## Records for processing
------------------------------------------------------------

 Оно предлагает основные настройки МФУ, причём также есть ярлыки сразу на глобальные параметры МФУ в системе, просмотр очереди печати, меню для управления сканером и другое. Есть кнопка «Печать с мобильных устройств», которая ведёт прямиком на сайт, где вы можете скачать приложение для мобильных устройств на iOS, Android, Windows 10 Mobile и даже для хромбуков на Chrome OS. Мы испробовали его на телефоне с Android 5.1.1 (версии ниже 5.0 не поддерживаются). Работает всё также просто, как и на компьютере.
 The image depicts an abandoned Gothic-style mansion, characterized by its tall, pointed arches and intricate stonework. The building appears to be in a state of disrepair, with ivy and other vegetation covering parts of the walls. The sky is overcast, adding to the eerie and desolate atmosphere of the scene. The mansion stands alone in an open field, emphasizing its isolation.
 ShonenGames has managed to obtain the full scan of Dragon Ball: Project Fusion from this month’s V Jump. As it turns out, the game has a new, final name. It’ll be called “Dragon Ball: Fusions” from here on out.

------------------------------------------------------------

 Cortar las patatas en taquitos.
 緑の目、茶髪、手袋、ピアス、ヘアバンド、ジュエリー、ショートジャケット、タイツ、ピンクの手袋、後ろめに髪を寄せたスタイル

------------------------------------------------------------

## What you need to do
Using the data above, repeat exactly the lines that begin at the line with "Cortar las patatas en taquitos." and end at the line with "緑の目、茶髪、手袋、ピアス、", both ends included.

## Answer box
 Cortar las patatas en taquitos.
 緑の目、茶髪、手袋、ピアス、ヘアバンド、ジュエリー、ショートジャケット、タイツ、ピンクの手袋、後ろめに髪を寄せたスタイル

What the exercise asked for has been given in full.